Entre ella y el errático desempeño del tenor Héctor Sandoval, de afinación incierta en un amplio rango de sus agudos y sobreactuado e inseguro como Rodolfo, de la soprano Leticia Vargas de Altamirano, cuya minúscula voz es proporcional a la timidez ofrecida a su Musetta, y del barítono Óscar Velázquez, vocalmente estable pero torpe en su expresión como Schaunard, llega apenas a notarse el canto del barítono Guido Loconsolo, correcto pero ensombrecido por la tibia, casi plana dirección escénica brindada a su Marcello.

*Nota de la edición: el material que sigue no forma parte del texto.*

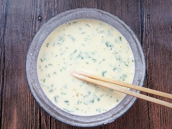 四、將雞蛋順著一個方向打散,攪打成均勻的雞蛋面糊
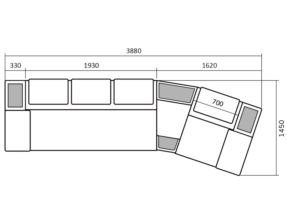 Размер (ш × г × в): 3880 × 1450 × 1050 мм

Aunque visiblemente incómodo con la larga cabellera impuesta a su vestuario, el bajo Rosendo Flores ofrece, como acostumbra desde cualquier papel, cátedra operística con su Colline; sólo él y Alejandres se mueven con naturalidad en el escenario y son los únicos cuyas bien colocadas voces viajan sin problema por el teatro. Entrañable igualmente, la presencia del barítono polaco-mexicano Leszek Zawadka como el viejo casero Benoit y como Alcindoro.
Desde el foso, resulta adecuada también la batuta de Srba Dinic: con discreción, aunque por momentos apresurado —sobre todo en el primer acto—, supo acompañar cabalmente a sus cantantes y llevar a la Orquesta del Teatro a un nivel elogiable. Opuesto a su desempeño, la dirección de Pablo Varela continúa sin lograr la unidad vocal a la que había llegado el Coro del Teatro en épocas recientes.
¿Qué encuentro entonces? El impulso naïf de quienes pensaron que las buenas intenciones no requieren de resultados o, peor, que éstos llegan solos. Con ganas de equivocarme en la sentencia, temo que seguiremos teniendo una compañía en la que a cada nueva época corresponde un nuevo conjunto de nombres, pero todos ellos sin ninguna dirección, distintivo o planeación que rinda frutos rotundos, redondos o íntegros.
Nada más, mientras que el público sigue padeciendo y se sigue conformando con golondrinas que no hacen de ninguna temporada primavera: lo fue Muerte en Venecia (Britten) hace uno años y lo fue el mes pasado El holandés errante, pero ya tenemos recetada nuestra dosis de lombanas y espinosas en 2014. Como manifestación artística, la Ópera Nacional es nuestro propio espejo.
*Fotografía: La Bohème, de Giacomo Puccini, se presentó el 3 de noviembre en el Palacio de Bellas Artes; las próximas funciones serán el 5, 7, 10, 14 y 17 de noviembre/Cortesía CONACULTA.